Depois de uma oficina bem sucedida de três dias no ano passado, envolvendo pesquisadores de ambos os lados e defensores de pacientes, três projetos de pesquisa foram financiados e estão em andamento. O primeiro é olhar para as moléculas que controlam o sistema imunológico através da artrite reumatóide e do câncer, com o objetivo de entender melhor como o sistema imunológico responde a ambas as doenças. Isso poderia identificar novas formas de prever quem pode se beneficiar de drogas que afetam o sistema imunológico.

O projeto dois está investigando por que o crescimento celular não regulado nas articulações de pacientes com artrite reumatóide não leva ao câncer, evidenciando a forma como os cânceres se desenvolvem e potencializando novas vias de tratamento para a artrite. O projeto final procura responder a uma longa pergunta sobre como o corpo vê essas doenças.

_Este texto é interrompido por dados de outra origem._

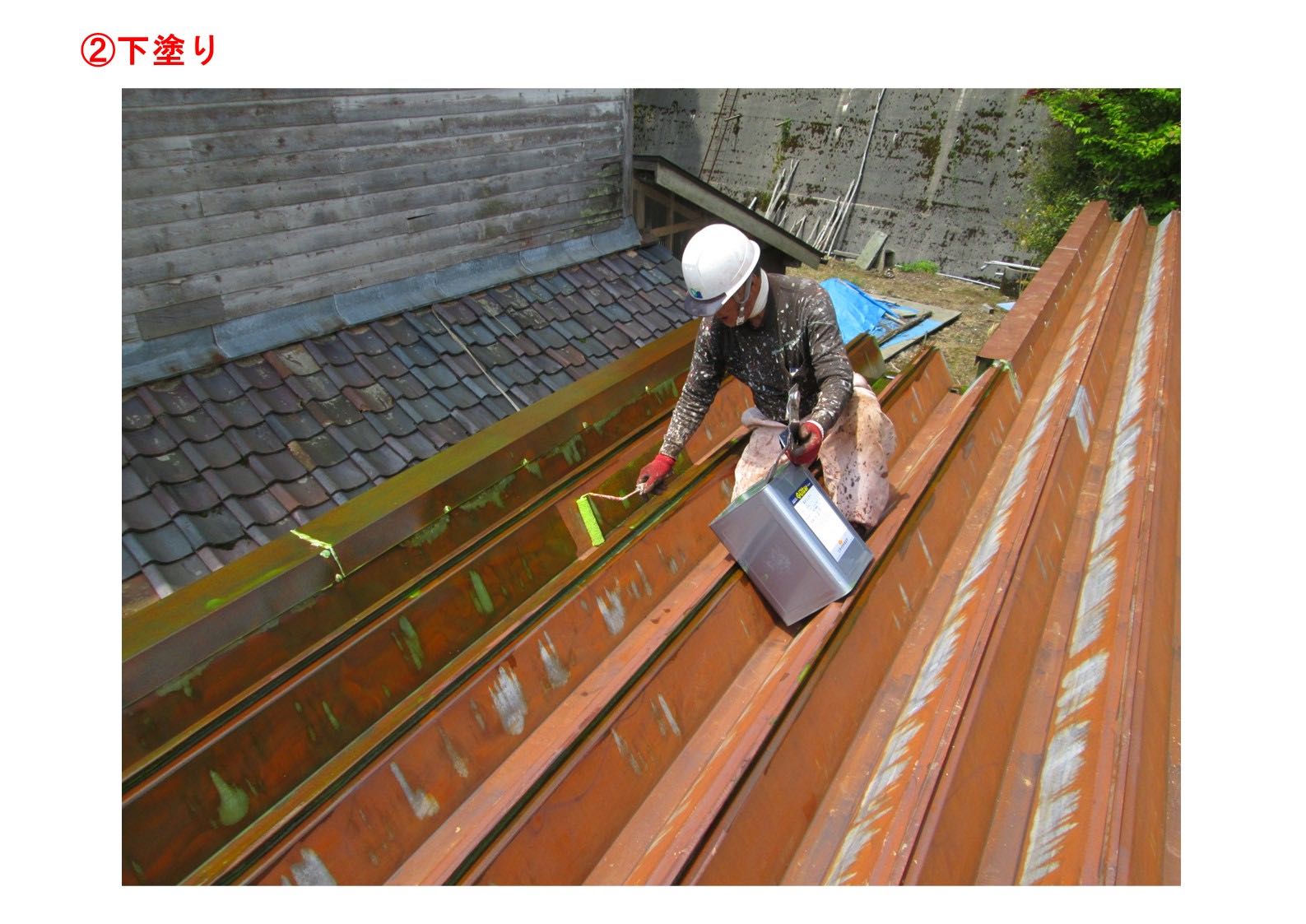 下塗りには、屋根材と中塗り・上塗りを密着させる役割があります!

“Tem havido uma longa idéia de que o câncer pode, de forma fundamental, ser uma ferida que não cura”, diz Hayday.

“Talvez seja também o que é artrite. É uma idéia emocionante ter surgido da oficina “.

Precisamos continuar a derreter os limites que existem entre as disciplinas científicas

– Professor Adrian Hayday

Embora esses projetos tenham financiamento por um ano inicialmente, isso marca o início de colaborações que lançam uma nova onda de pesquisa. E são as portas que isso pode abrir, que Simpson e Hayday estão excitados.

“A pesquisa leva muito tempo”, diz Simpson. “Mas a esperança é que isso encontremos algo que empilha as probabilidades a nosso favor de encontrar um novo tratamento para qualquer doença”.

“Juntando essas comunidades de pesquisa, eu realmente acho que vamos ter uma nova perspectiva sobre como o sistema imune interage com os tecidos”, acrescenta Hayday.

“Precisamos continuar a derreter os limites que existem entre as disciplinas científicas, porque o progresso é motivado por pessoas que fazem perguntas inteligentes.

“Estes vem de pessoas brilhantes falando um com o outro e tendo a coragem de dizer o que provavelmente irá e não funcionará”.

Desde os prêmios do Grand Challenge até a organização de conferências científicas, esta nova parceria é apenas um exemplo das muitas maneiras pelas quais a Cancer Research UK está empenhada em apoiar a pesquisa colaborativa. Não apenas no Reino Unido, mas em todo o mundo.

E com muito para aprender ainda, certamente não será o último.